• _Requirement_
Restate word for word the entries below, starting at the line with "Фото из семейного" and ending at the line with "Efficient Ranking and". Keep both end lines and omit the pictures.

• _Dataset records_
....
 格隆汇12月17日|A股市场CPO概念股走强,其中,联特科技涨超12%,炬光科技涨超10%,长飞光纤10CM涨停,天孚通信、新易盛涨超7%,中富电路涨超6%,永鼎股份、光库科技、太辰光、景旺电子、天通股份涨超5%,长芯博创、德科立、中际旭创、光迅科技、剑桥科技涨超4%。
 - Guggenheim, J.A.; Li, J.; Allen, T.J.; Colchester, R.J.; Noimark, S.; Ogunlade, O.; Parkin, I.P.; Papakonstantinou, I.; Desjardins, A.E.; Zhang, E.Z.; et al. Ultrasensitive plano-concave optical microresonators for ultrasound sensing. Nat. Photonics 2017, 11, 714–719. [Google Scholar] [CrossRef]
....
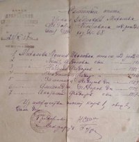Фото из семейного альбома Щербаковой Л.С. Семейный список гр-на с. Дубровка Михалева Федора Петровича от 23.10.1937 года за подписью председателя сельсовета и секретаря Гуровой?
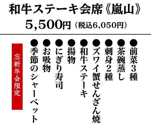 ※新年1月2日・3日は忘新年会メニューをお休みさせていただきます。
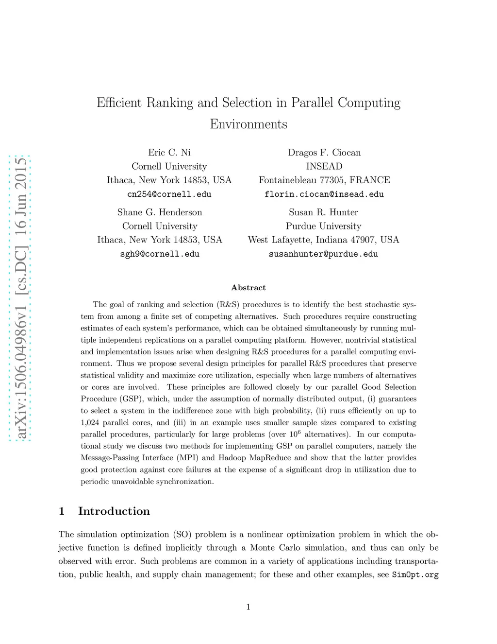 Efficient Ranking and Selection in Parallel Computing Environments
....
• _Expected answer_
Фото из семейного альбома Щербаковой Л.С. Семейный список гр-на с. Дубровка Михалева Федора Петровича от 23.10.1937 года за подписью председателя сельсовета и секретаря Гуровой?
 ※新年1月2日・3日は忘新年会メニューをお休みさせていただきます。
 Efficient Ranking and Selection in Parallel Computing Environments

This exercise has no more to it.